Department of Biochemistry and Genetics, La Trobe Institute for Molecular Science, La Trobe University, Melbourne, VIC, 3086, Australia.
Cell Death Dis. 2018 Sep 25;9(10):1002. doi: 10.1038/s41419-018-1035-6.
Infection with Influenza A virus (IAV) causes significant cell death within the upper and lower respiratory tract and lung parenchyma. In severe infections, high levels of cell death can exacerbate inflammation and comprise the integrity of the epithelial cell barrier leading to respiratory failure. IAV infection of airway and alveolar epithelial cells promotes immune cell infiltration into the lung and therefore, immune cell types such as macrophages, monocytes and neutrophils are readily exposed to IAV and infection-induced death. Although the induction of cell death through apoptosis and necrosis following IAV infection is a well-known phenomenon, the molecular determinants responsible for inducing cell death is not fully understood. Here, we review the current understanding of IAV-induced cell death and critically evaluate the consequences of cell death in aiding either the restoration of lung homoeostasis or the progression of IAV-induced lung pathologies.

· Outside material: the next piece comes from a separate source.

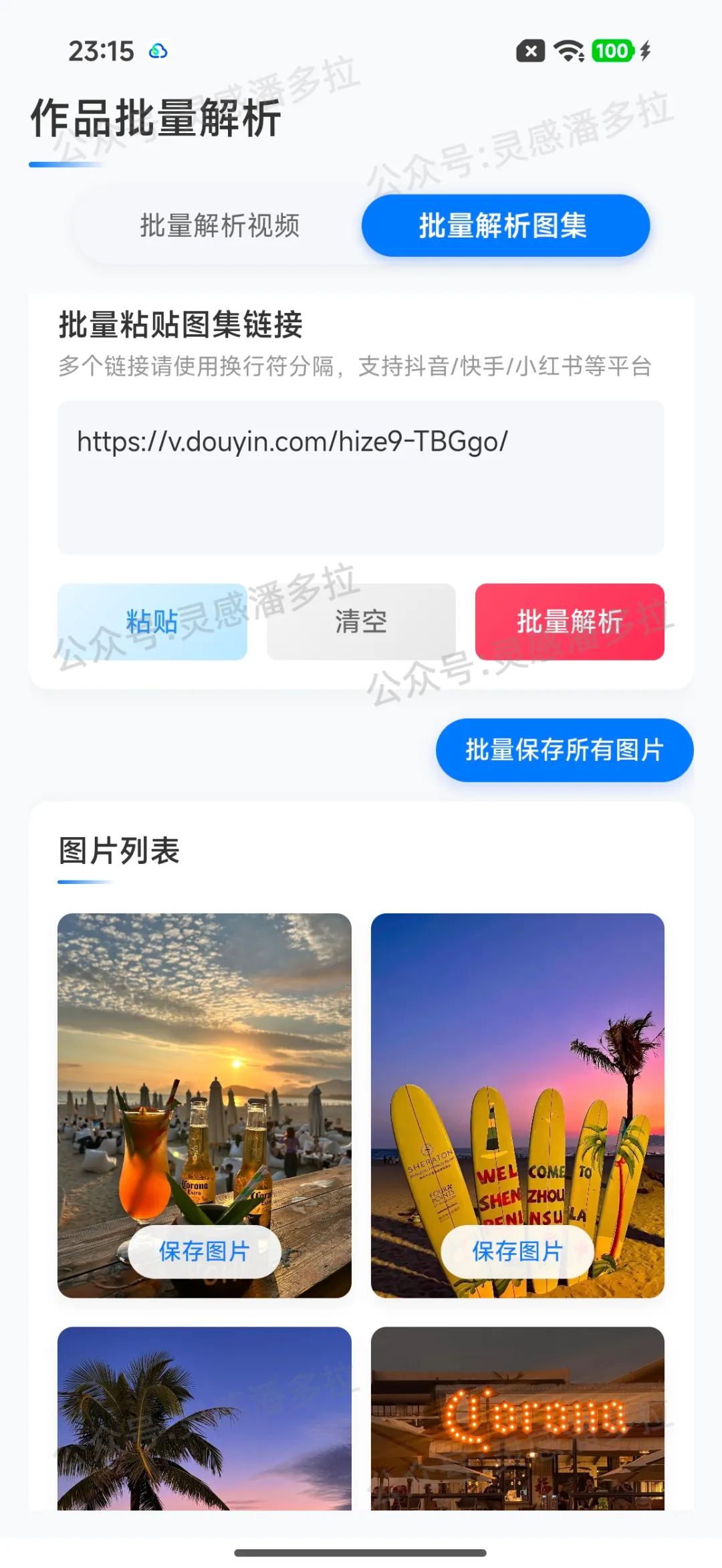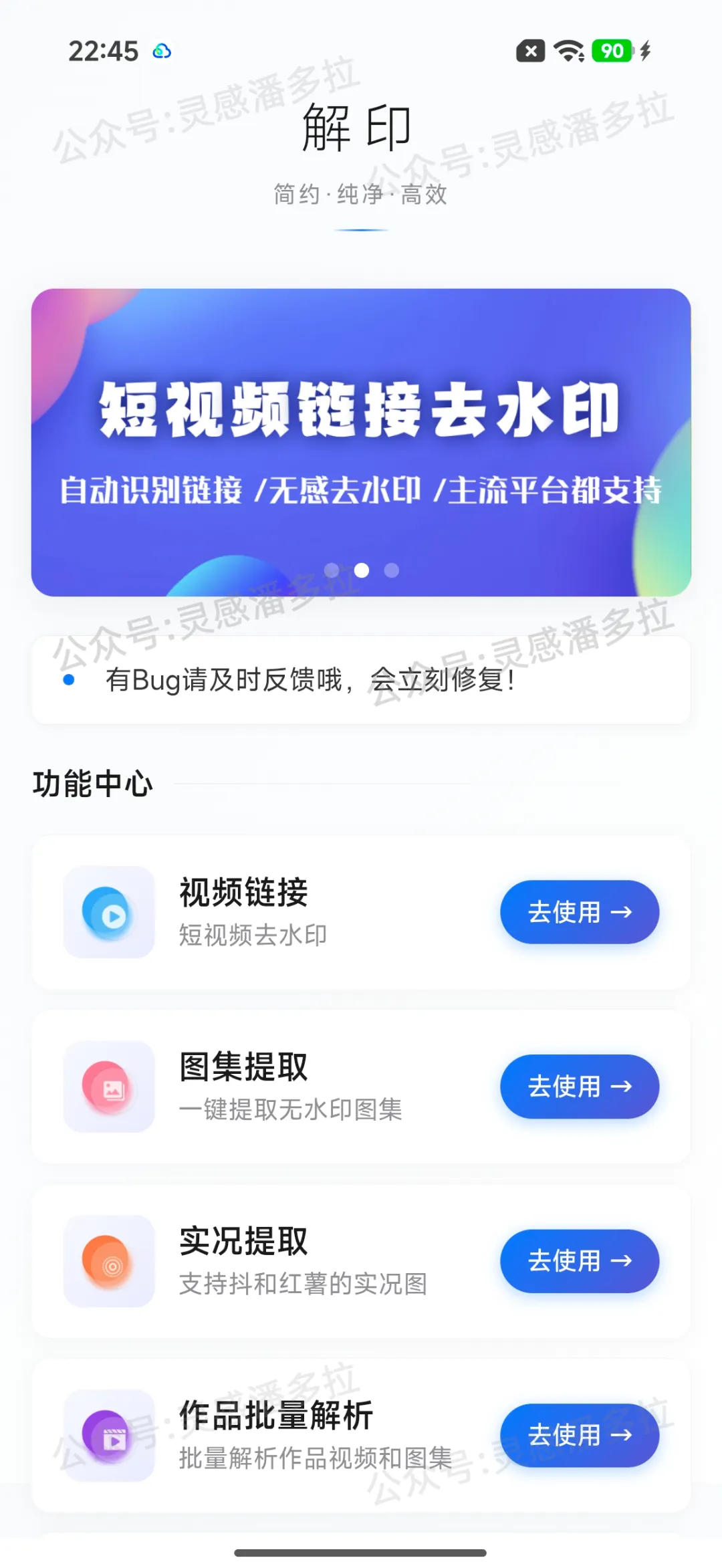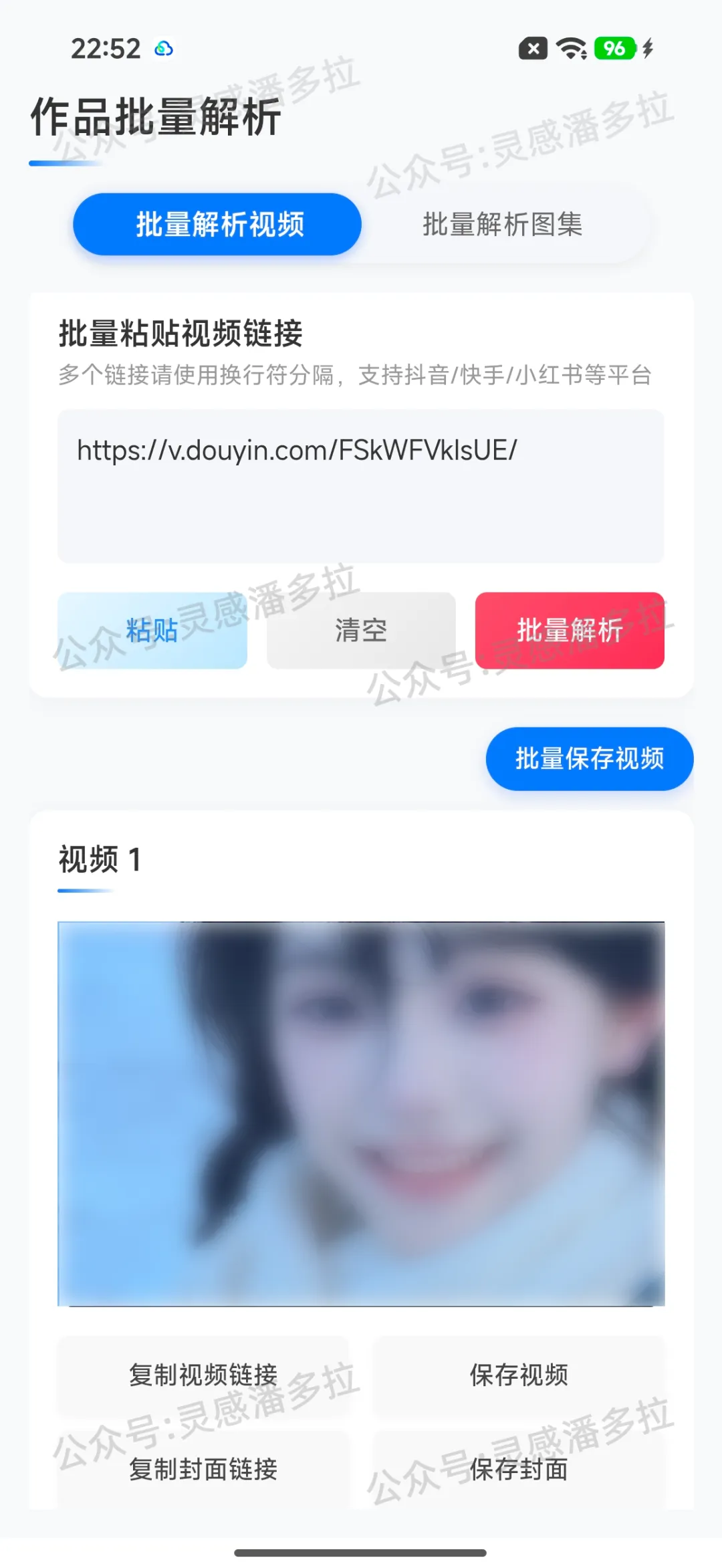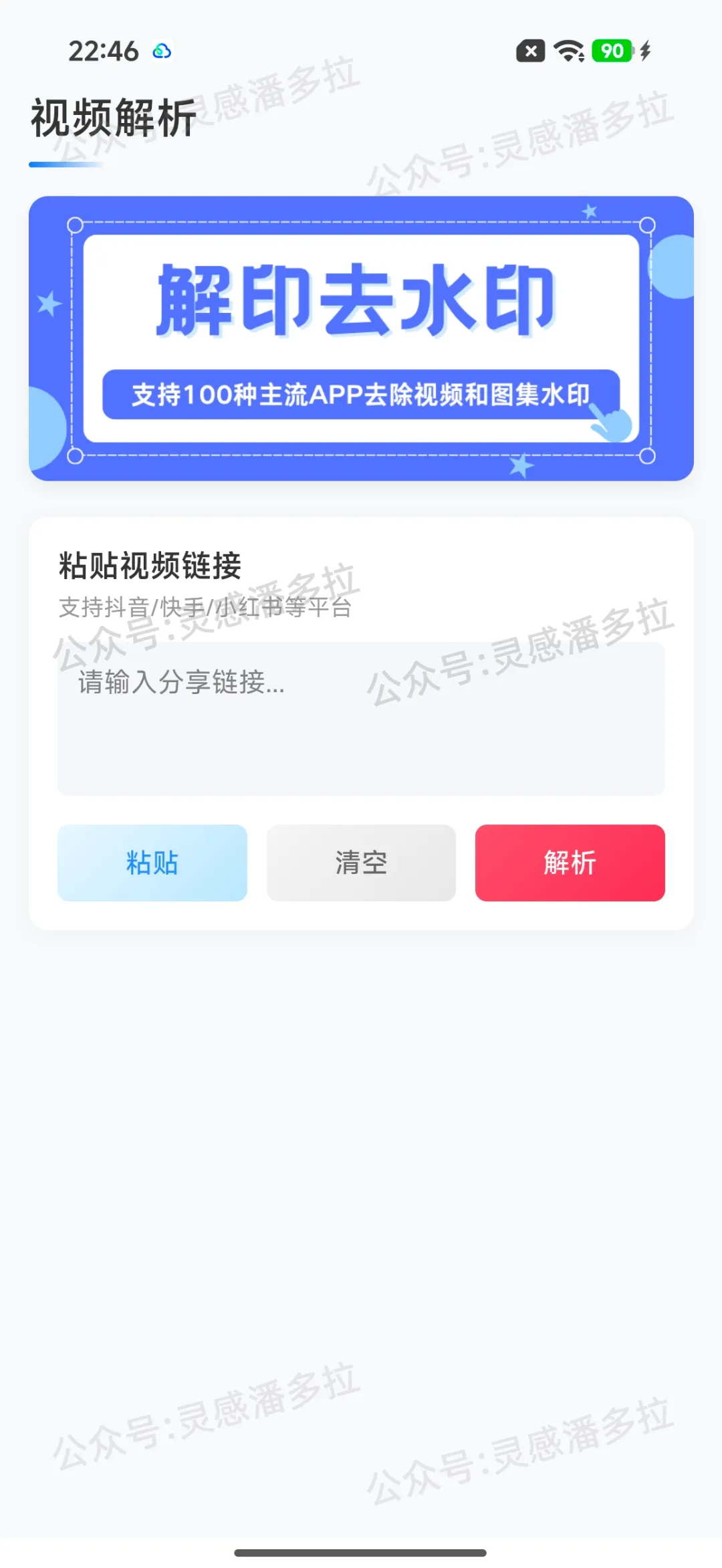 支持抖音、快手、小红书、微博、B站、西瓜视频等主流平台,复制视频或图集链接,粘贴到APP内即可解析去水印。

甲型流感病毒(IAV)感染会导致上呼吸道和下呼吸道以及肺实质中的大量细胞死亡。在严重感染中,高水平的细胞死亡会加剧炎症并破坏上皮细胞屏障的完整性,导致呼吸衰竭。IAV 感染气道和肺泡上皮细胞会促进免疫细胞浸润肺部,因此,巨噬细胞、单核细胞和中性粒细胞等免疫细胞类型很容易接触到 IAV 和感染诱导的死亡。尽管 IAV 感染后通过细胞凋亡和坏死诱导细胞死亡是一个众所周知的现象,但导致细胞死亡的分子决定因素尚不完全清楚。在这里,我们回顾了 IAV 诱导细胞死亡的现有认识,并批判性地评估了细胞死亡在帮助恢复肺内稳态或促进 IAV 诱导的肺病理进展方面的后果。